Man hat gesagt, die berühmte Nachtwandler-Szene könne so gar nicht eintreten, wenn sie nicht in den vorigen Akten durch das stärkere Bezeichnen der erwachenden Gewissensbisse vorbereitet sey. Allein man vergaß, daß zwischen der letzten Unterredung im 3ten Akte und diesem grausenden Nachtsücke Monate verflossen seyn müssen. Was liegt da alles dazwischen! Die Szene selbst am Schluß verlor dießmal dadurch, daß das Licht, was sie trägt, dießmal weit kleiner war und das Gesicht der Nachtwandlerin weit weniger beleuchtete. Das unbewegliche Starren der weit offenen Augen und das Feststehn aller Gesichtsmuskeln erinnert an das Strozzische Medusenhaupt. Sie reibt sich die Hände stark und unausgesetzt bis zum grausenden Erseufzen. Die Stimme biegungslos starr, aber genau artikulirend, malt mehr, als jede Geberde, die furchtbare Zerstörung, die Hölle im Innern. Es ist schon früher bemerkt worden, daß im englischen Original das Oh, welches die Spitze in dieser Szene macht, dreimal steht. Der alle Zuschauer durchrieselnde Frostschauer, womit die Künstlerin das zweite Oh hervorführte, hätte durch ein drittes, nur nachhauchendes Oh gewiß erst seine Vollendung erhalten. Doch dieß hängt einzig vom Augenblicke ab und kann ohne Pedanterei nicht vorgeschrieben werden. Der Künstlerin letzter Angstruf: „zu Bette, zu Bette!“ hat stets die lauteste Bewunderung erweckt.

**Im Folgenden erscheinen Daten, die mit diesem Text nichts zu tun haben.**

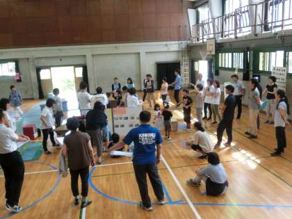 バスや地下鉄を段ボールなどで作り,実際に走らせて説明をしました。

Unserer Ueberzeugung nach muß es die ersten zweimal ganz aus der Mensur rascher gesprochen und mit einer schnellern Fortbewegung begleitet werden. Dieß verträgt sich gar wohl mit dem Ende des Nachtwandelns. Mad. Schröder thut es nicht. Aber wie sie mit den zwei letzten, tief sinkenden „zu Bett, zu Bett!“ forthuschte, wird uns stets vor Augen bleiben.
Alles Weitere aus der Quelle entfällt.